Primary tabs

CyberÉdito

Axe majeur dans la maîtrise des risques, la cartographie du SI échappe pourtant au RSSI

« L’élaboration d’une cartographie du système d’information est le premier pas vers une meilleure connaissance du système d’information. » : voici la première règle du guide d’hygiène publié par l’ANSSI. En effet, comment imaginer maîtriser un système dont on ne connait pas les constituants : comment analyser efficacement une attaque sans savoir à quoi les équipements victimes ou les accès attaqués sont utilisés ? Comment déterminer la surface réelle d’une attaque sans connaître les relations d’approbation qui existent entre domaines d’administration ? Comment déterminer le niveau d’exposition du SI sans savoir où se trouvent les informations sensibles ou les points d’accès avec l’extérieur ?

Force est de constater que la maturité en matière d’inventaire patrimonial du SI des entreprises est à ce jour très faible.
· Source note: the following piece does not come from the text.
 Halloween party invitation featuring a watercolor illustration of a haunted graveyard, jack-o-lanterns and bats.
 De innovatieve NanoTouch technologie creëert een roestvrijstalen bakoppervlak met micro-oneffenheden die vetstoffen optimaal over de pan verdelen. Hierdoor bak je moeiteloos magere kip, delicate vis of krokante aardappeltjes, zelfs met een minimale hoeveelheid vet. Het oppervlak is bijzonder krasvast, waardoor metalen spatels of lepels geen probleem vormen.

L’ampleur de la tâche est bien souvent un motif de découragement, sans compter sur la nécessaire dimension collaborative des travaux : métiers, urbanistes, techniciens et SSI doivent partager des visions communes. Les entreprises considèrent alors qu’il sera plus facile de réunir les experts en cas de besoin : encore faut-il les connaitre, qu’ils soient disponibles et rapidement mobilisables et que chacun ait une connaissance réellement opérationnelle des architectures.
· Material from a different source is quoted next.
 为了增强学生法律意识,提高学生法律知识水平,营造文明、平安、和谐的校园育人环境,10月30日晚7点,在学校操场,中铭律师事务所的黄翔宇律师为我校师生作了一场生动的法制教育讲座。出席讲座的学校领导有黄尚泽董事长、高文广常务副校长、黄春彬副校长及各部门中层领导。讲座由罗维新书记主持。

Que peut faire le RSSI face à ce constat ? Convaincre la Direction et la DSI de s’engager dans un projet d’entreprise pour élaborer des cartographies du SI et s’inscrire comme client de cette démarche. De son côté, le RSSI peut commencer par se donner les moyens de pouvoir réunir rapidement les sachants en cas de besoin, se procurer l’inventaire des applications réellement exploitées (les plus sensibles et les plus exposées), et construire une vision exacte de l’architecture logique du SI (points d’accès externes, fonctions de filtrages et de routage, zones de confiance, fonctions des serveurs) et des périmètres d’administration. Pour chaque type d’inventaire, le RSSI doit définir le niveau de granularité adapté, issu du compromis entre capacité à maintenir à jour une information (volatilité, outils de recueil, qualité) et besoins liés aux interventions de cyberdéfense.